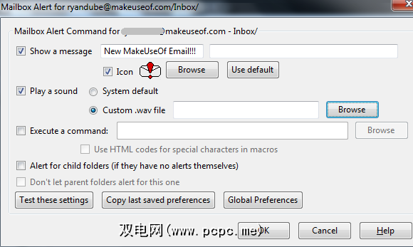 此插件的功能确实令人印象深刻。它不仅可以显示每个帐户的自定义消息和声音,还可以让附件在电子邮件到达时启动命令。
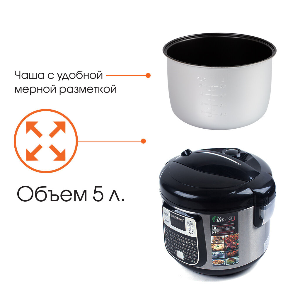 Мультиварка Endever Vita 95, мощностью 1000 Вт, с антипригарной чашей 5л, 45 авторежимов работы
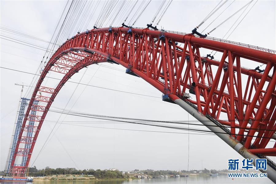 这是主拱肋合龙的平南三桥(1月10日摄)。 新华社记者 曹祎铭 摄
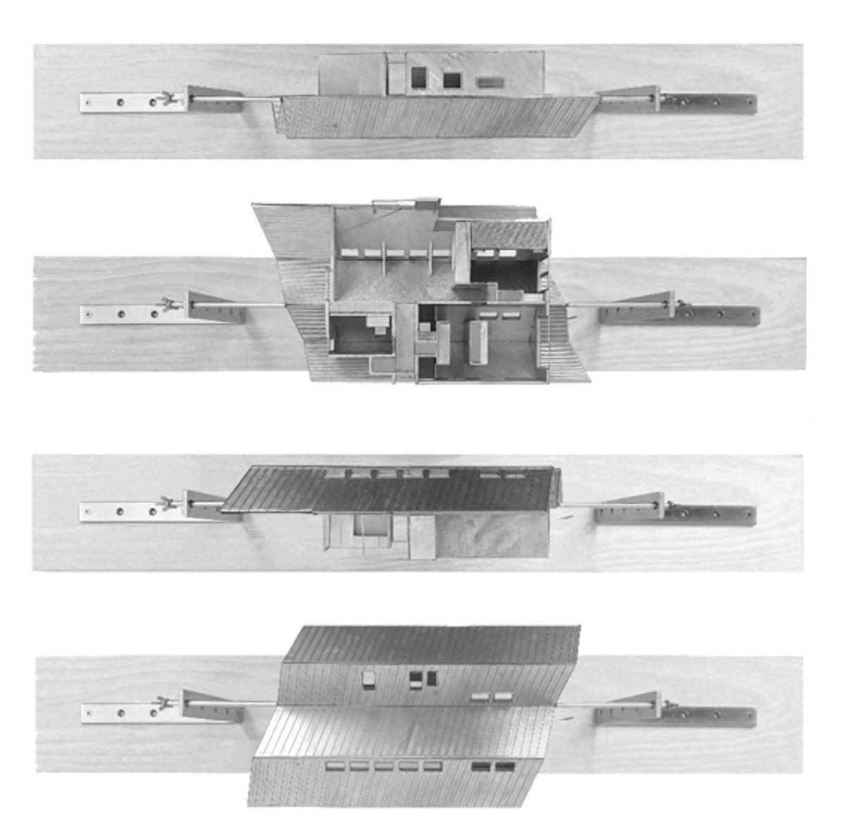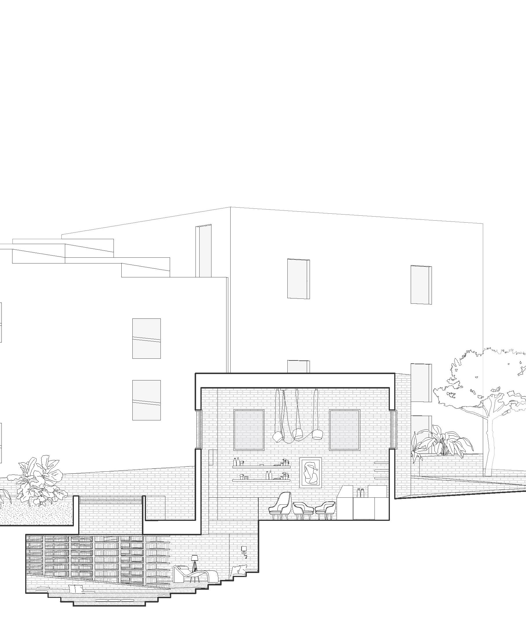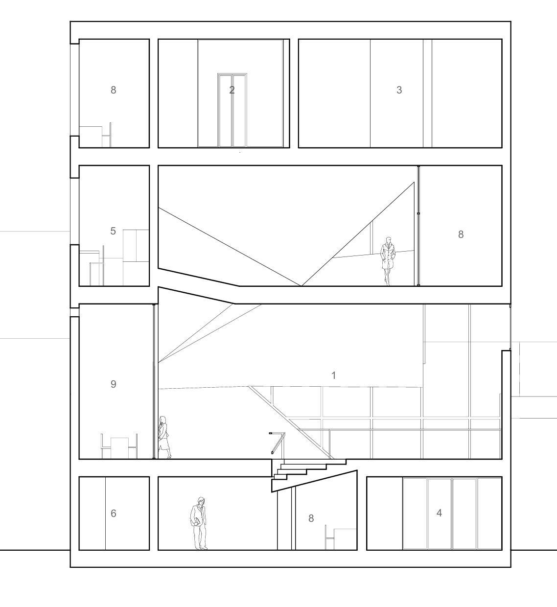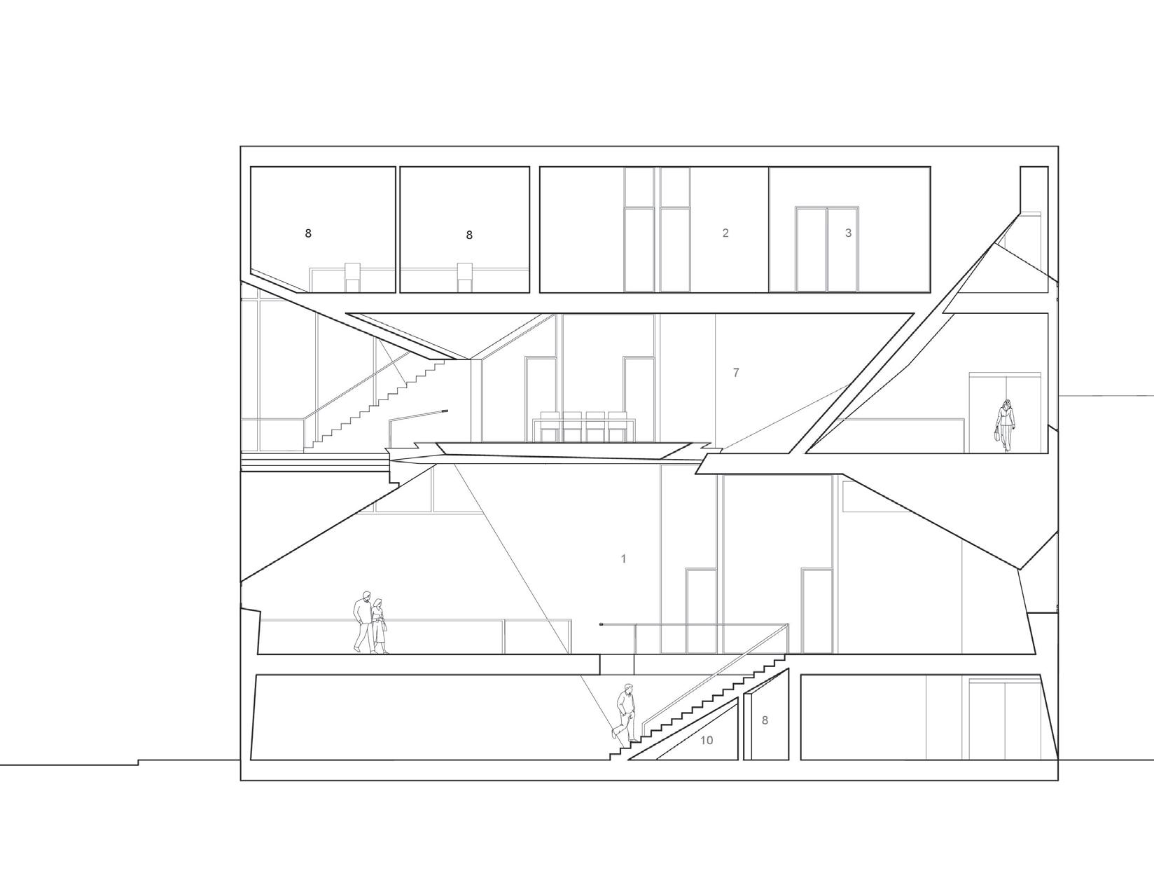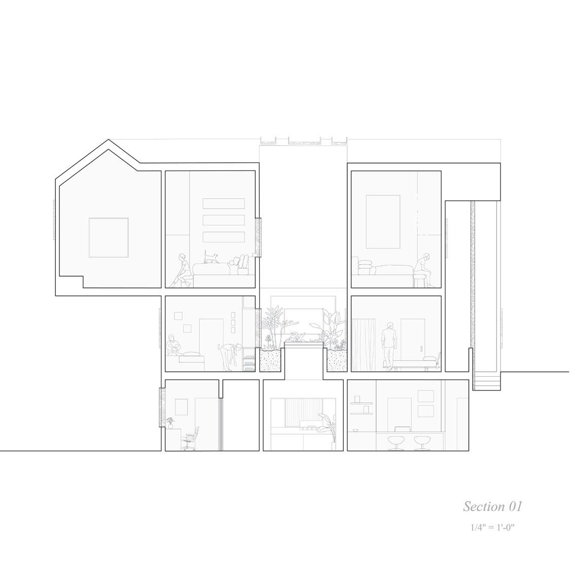 Formally, the duplex presents itself as a single-family house with one roof and a series of gables, its unity emphasized by a vertical elevator core that extends beyond the roofline like a chimney, offering a vernacular inflection. In section, the spatial hierarchy becomes clear: private rooms are discrete and cellular, while public areas are open and fluid, dissolving the boundary between interior and exterior. Yet both readings are mediated by spaces that challenge strict definitions of public and private. A flexible library/dining room transforms through the use of a “Duchampian door,” shifting from an office-adjacent workspace by day to a shared dining room connected to the kitchens in the evening. A private terrace, oriented only toward the sky, offers secluded retreat within the collective envelope. As one moves upward through the plan, the building swells to accommodate increasing shared space, layered incrementally in depth. The migrating courtyard and wrapping circulation stitch these layers together horizontally and vertically.

········

> EXERCISE AIM:
Write the material above out again exactly. Omit every image.

> RESPONSE FOR THIS EXERCISE:
 此插件的功能确实令人印象深刻。它不仅可以显示每个帐户的自定义消息和声音,还可以让附件在电子邮件到达时启动命令。
 Мультиварка Endever Vita 95, мощностью 1000 Вт, с антипригарной чашей 5л, 45 авторежимов работы
 这是主拱肋合龙的平南三桥(1月10日摄)。 新华社记者 曹祎铭 摄
 Formally, the duplex presents itself as a single-family house with one roof and a series of gables, its unity emphasized by a vertical elevator core that extends beyond the roofline like a chimney, offering a vernacular inflection. In section, the spatial hierarchy becomes clear: private rooms are discrete and cellular, while public areas are open and fluid, dissolving the boundary between interior and exterior. Yet both readings are mediated by spaces that challenge strict definitions of public and private. A flexible library/dining room transforms through the use of a “Duchampian door,” shifting from an office-adjacent workspace by day to a shared dining room connected to the kitchens in the evening. A private terrace, oriented only toward the sky, offers secluded retreat within the collective envelope. As one moves upward through the plan, the building swells to accommodate increasing shared space, layered incrementally in depth. The migrating courtyard and wrapping circulation stitch these layers together horizontally and vertically.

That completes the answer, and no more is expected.